Afric McGlinchey is a multi-award winning West Cork poet, freelance book editor, reviewer and workshop facilitator. She has published two collections, The lucky star of hidden things (Salmon, 2012) and Ghost of the Fisher Cat (Salmon, 2016), the former of which was also translated into Italian by Lorenzo Mari and published by L’Arcolaio.
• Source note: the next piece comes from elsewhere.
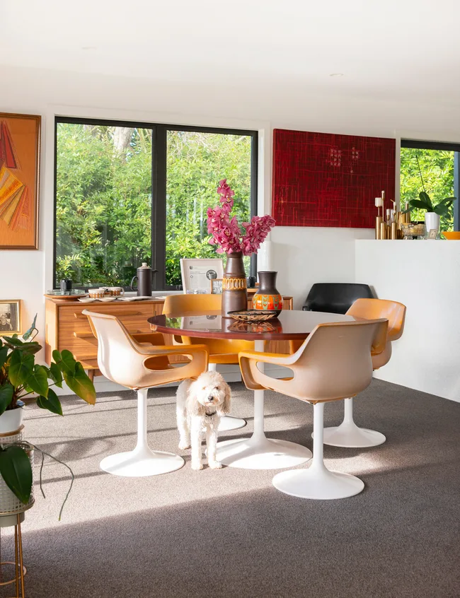 Where does one begin with their vast collection of pop art, collectibles, and quirky gems? “Ah, so many we love,” says Rachel. Among her favourites are a pair of green velvet and gold deco bar stools she discovered at a secondhand shop, and a Lipstick mirror by Roger Lecal, which she snapped up on Facebook Marketplace for just $20. Sam scored a Homer Simpson vintage cookie jar—with a talking head—at an op shop during a skateboarding trip. “The lid is broken, but it still talks,” he says, “and we’ll get around to supergluing it back together one day.”

McGlinchey’s work has been widely anthologized and translated, and recent poems have been published in The Stinging Fly, Otra Iglesia Es Imposible, The Same, New Contrast, Numéro Cinq, Poetry Ireland Review, Incroci, The Rochford Street Journal and Prelude. In 2016 McGlinchey was commissioned to write a poem for the Breast Check Clinic in Cork and also for the Irish Composers Collective, whose interpretations were performed at the Architectural Archive in Dublin. Her work has been broadcast on RTE’s Poetry Programme, Arena, Live FM and on The Poetry Jukebox in Belfast. McGlinchey has been awarded an Arts Council bursary to research her next project, a prose-poetry auto-fictional account of a peripatetic upbringing.